Task: Skip the pictures, and retype the data below in full, exactly.

Source material:
=======

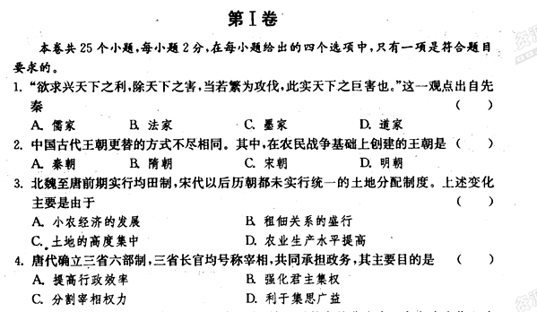 陕西省渭南市希望高级中学2012届高三上学期期中考试(历史)扫描版无答案
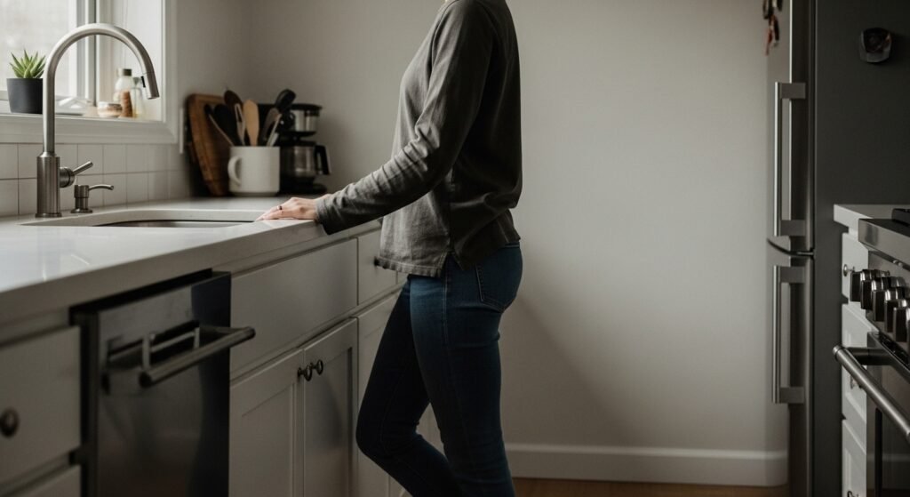 Balance practice may be made natural by using a kitchen counter to support light. Morning routine tends to occur here, and so low-level exercises can be easily incorporated into the existing environment without significant planning and effort.
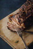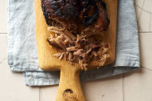 Widok góry ciągniętej wieprzowiny z sosem barbecue i ziołami na drewnianej desce do krojenia
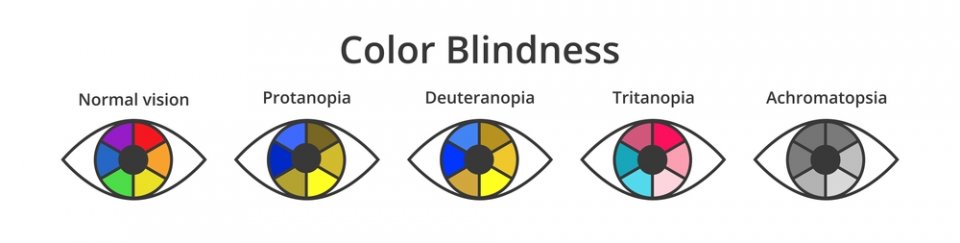 Renk körlüğünün çeşitli türleri vardır ve her biri farklı renk ayrım problemlerine yol açar. En yaygın tip olan red-green color blindness (kırmızı-yeşil renk körlüğü) bireyin kırmızı ve yeşil tonları ayırt etmekte zorlandığı bir durumdur. Bir başka tür olan mavi-sarı renk körlüğü ise mavi ve sarı tonlarını ayırt etme yeteneğini etkiler. Nadiren görülen monokromatizm adlı durumda ise birey sadece siyah, beyaz ve gri tonları görebilir.

=======

Answer to the exercise:
 陕西省渭南市希望高级中学2012届高三上学期期中考试(历史)扫描版无答案
 Balance practice may be made natural by using a kitchen counter to support light. Morning routine tends to occur here, and so low-level exercises can be easily incorporated into the existing environment without significant planning and effort.
 Widok góry ciągniętej wieprzowiny z sosem barbecue i ziołami na drewnianej desce do krojenia
 Renk körlüğünün çeşitli türleri vardır ve her biri farklı renk ayrım problemlerine yol açar. En yaygın tip olan red-green color blindness (kırmızı-yeşil renk körlüğü) bireyin kırmızı ve yeşil tonları ayırt etmekte zorlandığı bir durumdur. Bir başka tür olan mavi-sarı renk körlüğü ise mavi ve sarı tonlarını ayırt etme yeteneğini etkiler. Nadiren görülen monokromatizm adlı durumda ise birey sadece siyah, beyaz ve gri tonları görebilir.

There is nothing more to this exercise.